Georgia’s voting rights battle ramps up as Election Day approaches
The results of Georgia’s voting rights fight could extend beyond the state’s borders
- Max Blau
- Rev. Raphael Warnock and House Minority Leader Stacey Abrams, D-Atlanta, discuss the lawsuit filed against Secretary of State Brian Kemp and five Georgia counties.
Early voting begins today in a handful of counties throughout Georgia. As state residents begin to cast ballots in a historic election within national implications, Democratic leaders have stepped up attacks against Republican officials for obstructing unregistered minority voters from reaching the polls.
As CL reported on Friday, several groups including voter registration nonprofit New Georgia Project, Lawyers’ Committee for Civil Rights, and the NAACP’s national and state chapters have sued Georgia Secretary of State Brian Kemp and five counties. They want to force the immediate processing of more than 40,000 voter registration applications submitted to local county election offices but which have yet to appear on the pending voter list or voter rolls.
Standing outside Ebenezer Baptist Church on Sunday, House Minority Leader Stacey Abrams, D-Atlanta, who founded the nonprofit organization aimed at registering minority men and women, told reporters the lawsuit followed Kemp’s failure to meet with her group twice to discuss the latest status of tens of thousands of unprocessed voter applications. She blasted the secretary of state’s office for its “deeply disturbing” lack of urgency over the matter.
Ebenezer Baptist Church Senior Pastor Raphael Warnock, a frequent spokesman for NGP, doubled down on recent accusations of voter suppression and criticized Kemp’s office of already disenfranchising hundreds of Georgia voters. Rather than acting as voters’ “chief advocate,” Warnock said, Kemp had engaged in a “pattern of disingenuous activity” consistent with his entire time in office.
Abrams says the NGP lawsuit is asking a Fulton County judge to issue a writ of mandamus, a ruling that would order Kemp to process the voter applications before the election by any means necessary. She says that could force Kemp’s office to hire more election officials and provide additional resources to ensure those voters are able to cast ballots on Nov. 4. With less than a month before Election Day, plus early voting beginning today, she expects that court proceeding will move faster than most cases.
We’ve reached out to the secretary of state’s office for comment. If we hear back, we’ll post an update. Over the weekend, Kemp spokesman Jared Thomas told Politico that state officials have followed the law “just as it always has” in years past. “Any lawsuit to the contrary is frivolous,” Thomas said, adding that the voter applications are in the hands of county election officials, not Kemp’s office.
The press conference about NGP’s lawsuit wasn’t the only effort this weekend to encourage minority voters to head to the polls. Downstate in Albany, Ga., former President Jimmy Carter made the first of many anticipated appearances in support of his grandson Jason Carter on the gubernatorial campaign trail. According to the AJC, he spoke to a predominantly African-American congregation at Mt. Zion Baptist Church about the way that Georgia Republicans have systemically made voting more difficult, including restrictive Voter ID requirements.

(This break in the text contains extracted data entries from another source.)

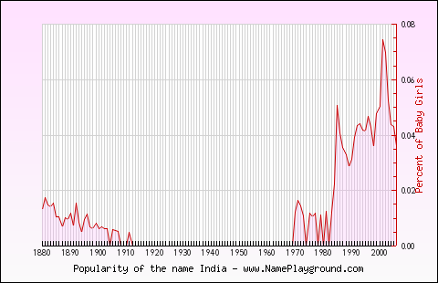 Popularity of the name India for GirlsFirst Year in the Top 1000: 1880 (earliest year for which we have data) Last Year in the Top 1000: 2006 (latest year for which we have data) Average Age: 34.37 Highest Percentage: 0.074% in 2001 Best Rank: #298 (in 2001) Represented in the Top 1000 names in: 61 of 127 years (48.03%) Total* Female Population in Top 1000: 16666 Percentage Of Babies Named IndiaNote: Only names in the Top 1000 for each year are represented. [source] Values are normalized for boys and girls to compare trends (vertical scales differ for boys and girls).  Age Distribution of IndiaAbout these totals.Female Population under 60: 16181 (97.09%) Female Population under 50: 15407 (92.45%) Female Population under 40: 14122 (84.74%) Female Population under 30: 8244 (49.47%) Female Population under 20: 1107 (6.64%) Names Similar to IndiaSimilar Male Names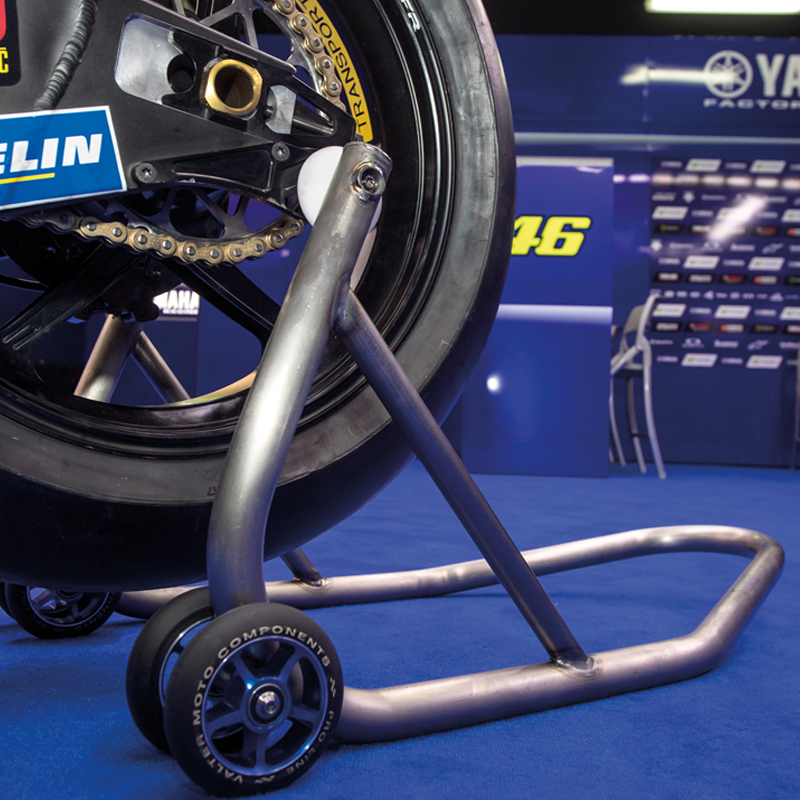 Il cavalletto posteriore Endurance in Titanio è utilizzato da molti Team in diversi campionati mondiali e nazionali. Questa tipologia di cavalletto può essere usata solamente se sono presenti le speciali forchette di sollevamento montate sul forcellone della moto. È interamente realizzato con tubi in Titanio saldati a mano per offrire la massima qualità e leggerezza garantendo la durata nel tempo. È equipaggiato con 4 ruote in alluminio montate su microcuscinetti e fissate alla struttura con viti in Titanio. La larghezza del cavalletto è regolabile manualmente per l'utilizzo su tutte le moto di media/alta cilindrata. KG 2,50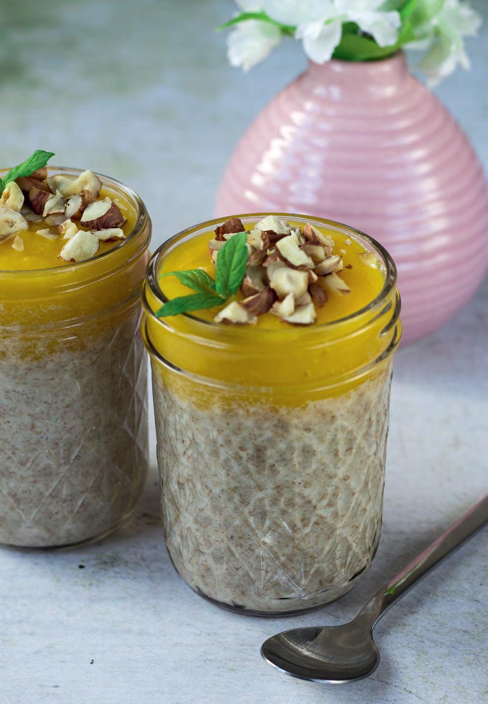 Vločky nasypeme do misky, zalijeme je stejným množstvím vody a při pokojové teplotě je necháme namáčet (nejlépe přes noc). Mango oloupeme, nakrájíme na větší kousky a rozmixujeme na pyré. Hotovou kaši naservírujeme do misek nebo skleniček, přidáme pyré z manga a vše na závěr ozdobíme nasekanými oříšky.

“We were blessed by the fact that there were very few Republicans,” the former president said. “The point is, 12 years ago that trend was changed. And since then, the Legislature and the governor have been determined to put every obstacle in the way for African Americans, mentally retarded people and elderly people to vote.”

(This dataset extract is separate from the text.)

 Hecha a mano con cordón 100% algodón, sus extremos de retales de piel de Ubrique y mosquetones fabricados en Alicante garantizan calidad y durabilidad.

The impact of Georgia’s voting rights fight could extend beyond the state’s borders. The race between Republican businessman David Perdue and Democratic nonprofit executive Michelle Nunn is one of a handful of races expected to determine which party gains control in the U.S. Senate. Perdue has held the slightest of leads in recent polls. Minority voters tend to vote for Democratic candidates. That means the final status of those unprocessed NGP applications could be key to determining who wins the race.